Following their march from standard processors to dual-core and quad-core designs in 2006, Intel researchers have built an 80-core chip that performs more than a teraflop of operations (trillions of floating point operations per second) while using less electricity than a modern desktop PC chip.
First described by Intel executives at a September trade show, the chip fits 80 cores onto a 275-square millimeter, fingernail-size chip and draws only 62 watts of power--less than many modern desktop chips.
The company has no plans to bring this "teraflop research chip" to market, but is using it to test new technologies such as high-bandwidth interconnects, energy management techniques, and a tile design method to build multicore chips, said Jerry Bautista, director of Intel's tera-scale research program. He spoke in a conference call with reporters on Friday before presenting technical details of the research at the ISSCC (Integrated Solid State Circuits Conference) trade show in San Francisco. Intel has discussed the 'era of tera' before.

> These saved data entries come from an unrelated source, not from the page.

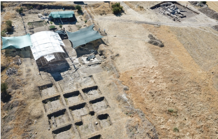
Kazı alanı havadan genel görünümü (Salkaya kazı arşivi).

Mozağin açığa çıkarılması amacıyla Elazığ Müze Müdürlüğü tarafından 01 Ağustos 2023 tarihinde bölgede arkeolojik kazı ve sondaj çalışmalarına başlanmıştır. Mozaikli alanda yapılan çalışmalarda yer yer farklılık gösterse de yürüme seviyesinden 0.40 m. derinliğindeki mozaik tamamen açığa çıkarılmıştır. Yaklaşık 84 metrekarelik alanı kapsayan mozağin etrafını temeli sağlam kalmış örgü taş duvar ve blok taşlar çevrelemektedir. Bu yönüyle bir kabul salonu görüntüsü veren mozaikli alanın kuzey doğu ve güney yönünden olmak üzere 2 girişi bulunmaktadır. Kuzey doğu yöndeki giriş alanın zemini blok taşlardan oluşmakta ve karşılıklı 2 sütun kaidesi yer almaktadır. Kuzey doğu yöndeki bu girişin güney yöndeki girişe oranla daha özenli olması soylu ve misafir girişi olabileceğini düşündürmektedir. Güney taraftaki giriş kısmında özenle işlenmiş detay görünmemektedir. Güney girişin aşağıda değinilecek olan şarap mahzeni tarafında yer alması görevli kişilerin giriş kapısı olduğunu düşündürmektedir.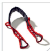
Cinturón Raiser +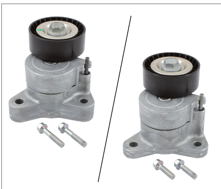
Slika 1: Rame natezača Kat.Br. 534 0325 10 – Lijevo, stara izvedba sa pričvrsnim vijcima. Desno, nova izvedba sa pričvrsnim vijcima.

Kao dio stalnog usavršavanja svojih proizvoda, izvršene su preinake na nateznom ramenu Kat.Br. 534 0325 10.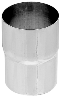
1 Beispielhafte Abbildung.

ARTIKELNUMMER: 137102 NENNGRÖSSE: 150 MATERIALART: Titan-Zink MATERIALNORM: PRODUKTABBILDUNG: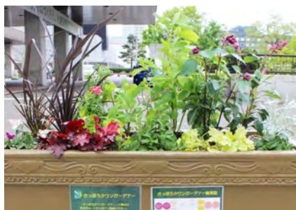
5月の苗植え 緑が初々しい5月のコンテナ

緑が初々しかった植込み当初のコンテナは、2か月経った今では同じものとは思えないほど様変わりしました。まさに「コンテナは生き物」これからも目が離せません！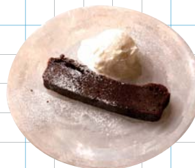
Chocolate Terrine チョコレートテリーヌ

Kirin Heartland Beer キリンハートランド +350YEN(税込385) House Wine 6oz (Red / White) ハウスワイン6oz 赤・白 +350YEN(税込385)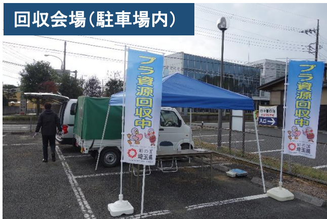
回収会場（駐車場内）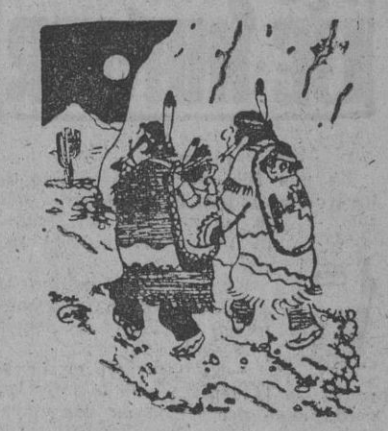
¡Y ya estoy harto de viajar de espaldas a la marcha! (Del 'New Yorker', Nueva York)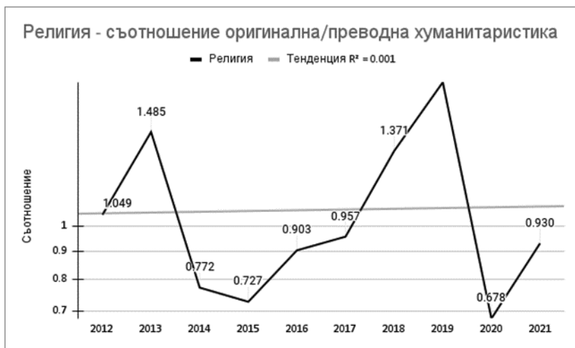
Диаграма 4. Категория религия – съотношение оригинална/преводна хуманитаристика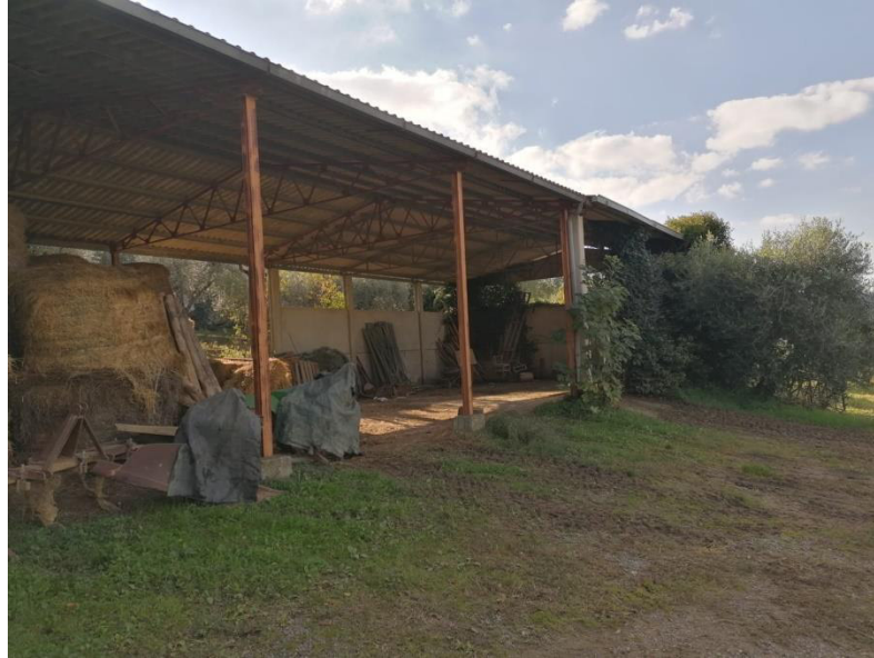
Vista dei fienili esistenti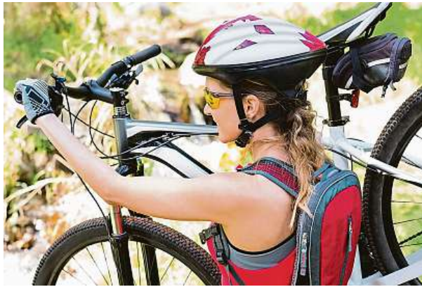
Při jízdě na kole je důležité dodržovat pravidla. Například helma by měla být standardem.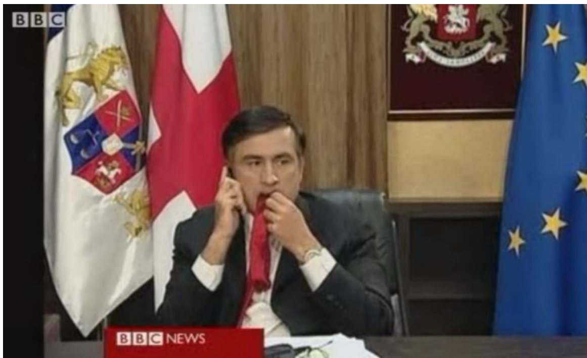
Рис. 2. Инцидент с галстуком 13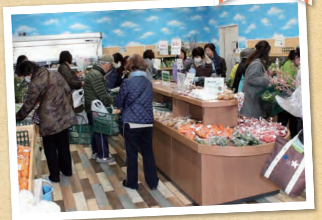
買い物客でにぎわう店内

に於いて生産される難波葱・エダマメ・若ごぼうなどの野菜類、ブドウ・ミカンなどの果物類、花き類のほか各種加工品が店頭に並べられている。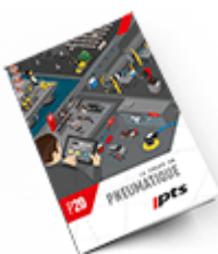
Pneumatique SAM 2020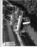
マルチを張りながら種子を播種する機械（シーダーマルチャー）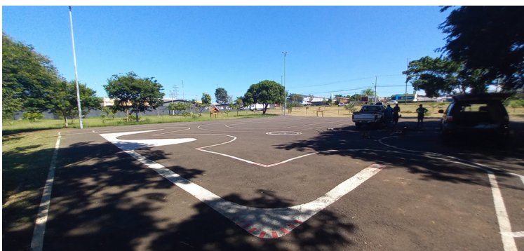
Foto 7 - Heliponto instalado na praça, também utilizado para realização de eventos e esportes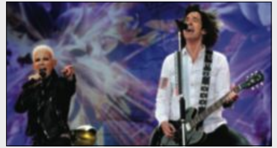
Marie Fredriksson og Per Gessle i Roxette.

Must Have Been Love». De har solgt rundt 75 millioner plater. Duoen tok pause i 2002, men har siden 2009 vært tilbake både med plater og konserter. Drammen Elvefestival flytter i år tilbake til Gamle kirkeplass, med plass til 8.000 mennesker den dagen Roxette kommer til byen.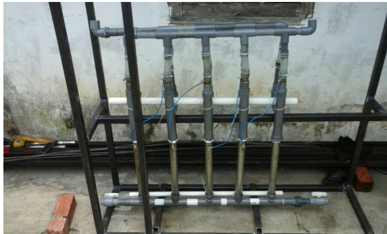
Gambar 20. Proses Perakitan Elektroda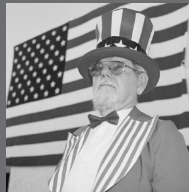
IMAGEN DE CUBIERTA

Intel engineers are also using the chip to explore new forms of tera-scale computing, in which future users could process terabytes of data on their desktops to perform real-time speech recognition, multimedia data mining, photo-realistic gaming, and artificial intelligence.
Until now, that degree of computing performance has been available only to scientists and academics using machines like ASCI Red, the teraflop supercomputer built by Intel and its partners in 1996 for U.S. government researchers at Sandia National Laboratories, near Albuquerque, New Mexico. That system handled a similar amount of computing as the new chip, but demanded an enormous 500 kilowatts of power and 500 kilowatts of cooling to run its nearly 10,000 Pentium Pro chips.
Shrunk onto a single chip, that power would allow average consumers to use their PCs in new ways. They could use improved search functions on the vast amounts of digital media stored on home desktops, searching large photo archives for specific attributes such as all the shots where a certain person is smiling, or where that person is posing with a friend, Bautista said.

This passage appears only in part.